Accolto dal solito rullo di tamburi della stampa, da un paio di decenni ormai completamente asservita al potere industriale, è arrivato il "Manifesto" degli (im)prenditori italiani contro la crisi. Tutti lo leggono anche in chiave anti Berlusconi, e in fondo è giusto, perchè dopo averlo appoggiato fino all'inverosimile, i padroni del vapore sono rimasti a bocca asciutta. E' noto che in Italia non si fa impresa, si fanno affari, quasi sempre alle spalle della spesa pubblica e la situazione, da quando in nome del liberismo lo Stato si è progressivamente ritirato dall'economia, è drammaticamente peggiorata. Le cose vanno male non solo perché al potere c'è una classe politica di netti e truffatori, ma anche perché chi dovrebbe "fare sviluppo" spesso si preoccupa solo di passare all'incasso, massimizzare i profitti e socializzare le perdite.

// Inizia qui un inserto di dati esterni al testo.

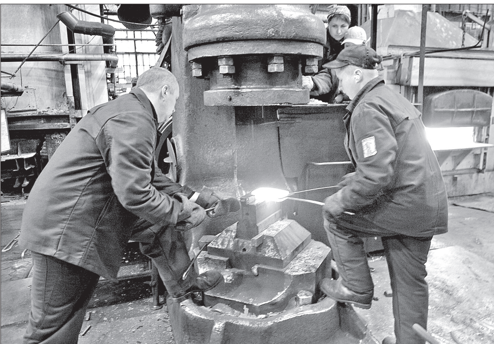
Цех 3: кузнецы куют металл

E in quest'ottica i cinque punti presentati da Emma Marcegaglia (un altra che occupa il posto che occupa solo in virtù del familismo italico) tolgono finalmente la maschera al benedetto "riformismo" del quale vanno cianciando troppo spesso anche gli esponenti della sinistra. Il responsabile economico del Pd, tale Stefano Fassina, ha subito battuto le manine tutto contento: "Le proposte indicate sono in larga misura condivisibili". E figuriamoci se poteva essere il contrario.

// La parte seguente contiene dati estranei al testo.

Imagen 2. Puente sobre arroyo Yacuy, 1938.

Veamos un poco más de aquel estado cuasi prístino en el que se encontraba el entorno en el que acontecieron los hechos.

Si delinea dunque il dramma verso il quale andiamo incontro. Dopo la fine del Cavaliere si profila l'avanzata del pensiero unico (la destra economica) che unirà finalmente in un'orgia degna di Palazzo Grazioli gli ex comunisti, gli ex democristiani e il (piccolo) capitalismo. Come giudicare infatti l'innalzamento dell'età pensionabile e la cancellazione delle pensioni di anzianità, in un paese afflitto dalla disoccupazione giovanile? Gli industriali già non assumono così, figuriamoci quando saranno costretti a tenere al lavoro vecchi e stanchi dipendenti che per giunta guadagnano anche molto. E come accogliere la proposta della (s)vendita del patrimonio immobiliare o la liberalizzazione di qualunque servizio, in uno Stato che cede i gioielli di famiglia ai soliti noti e dove le privatizzazioni fin qui avviate sono state una catastrofe? Non c'è una delle società che una volta erano il fiore all'occhiello dell'economia italiana e che sono state regalate ai privati (da Telecom alle Autostrade, passando per l'Alitalia) che non abbia sensibilmente peggiorato il livello del suo servizio, limitandosi a bruciare decine di migliaia di posti di lavoro. Tutto questo per fare cassa e rilanciare i lavori pubblici, gli appalti, l'unico vero magna-magna globale, la madre di tutte le mangiatoie, che invece di migliorare il paese ingrassa la criminalità organizzata e la politica locale.
Tutto quello che finora il campione della destra, il buon Papi Silvio, non è riuscito a fare. Chissà magari ci riuscirà la sinistra.